The announcement came two weeks after a report from the US National Transportation Safety Board found that bolts that held a panel known as a door plug in place were missing when the nearly brand-new 737 MAX 9 used for Alaska Airlines Flight 1282 departed the Portland International Airport in Oregon for Ontario, California, on Jan 5. The bolts prevent the door plug from sliding up from the frame when pressurization changes in the cabin midflight.

The incident occurred at about 16,000 feet, when the door plug blew off the jet, forcing the pilots to return to Portland for an emergency landing.

The plug is a barrier used to cover a gap in the plane’s body where an extra exit door could optionally be installed. The mishap could have been catastrophic if the plane were at cruising altitude.
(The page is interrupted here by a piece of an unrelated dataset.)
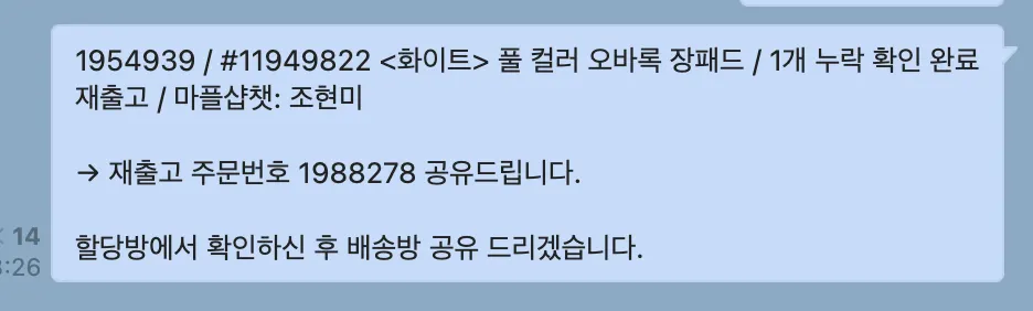 [할당방]에서 확인, 재제작(재출고) 주문서에 할당 완료되면 [마플샵&해외 배송방]에 공유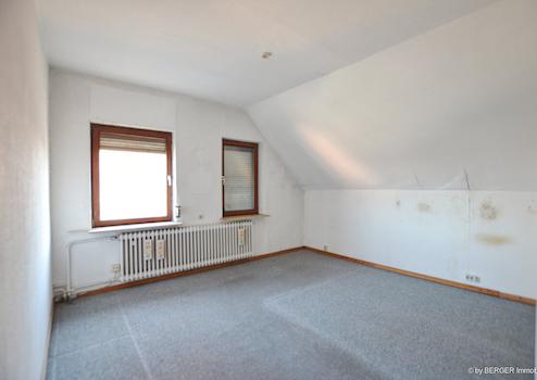 Im Dachgeschoss befindet sich eine weitere Einheit mit aktuell vier Zimmern sowie einem Duschbad. Nach Installation einer Küche kann diese Ebene als eigenständige Wohnung genutzt werden.

The incident aboard the Alaska Airlines MAX 9 is the latest crisis for Boeing, which has been plagued by manufacturing problems after fatal crashes of its 737 MAX 8 in 2018 and 2019 that killed all 346 people on board the two flights.

Although there were no reports of serious injuries to passengers, some are now suing Boeing and Alaska Airlines, claiming the flight caused them trauma and injury.

The problems on Boeing planes have delayed deliveries to customers. A month after the Alaska Airlines flight, Boeing said improperly drilled holes on some MAX planes would delay handovers of the aircraft to airlines.

The Federal Aviation Administration has said it has increased direct inspections of Boeing’s MAX production lines and said it would prohibit the manufacturer from increasing output until the agency is satisfied with its quality controls.

Boeing rival Airbus has ramped up production and deliveries of new planes.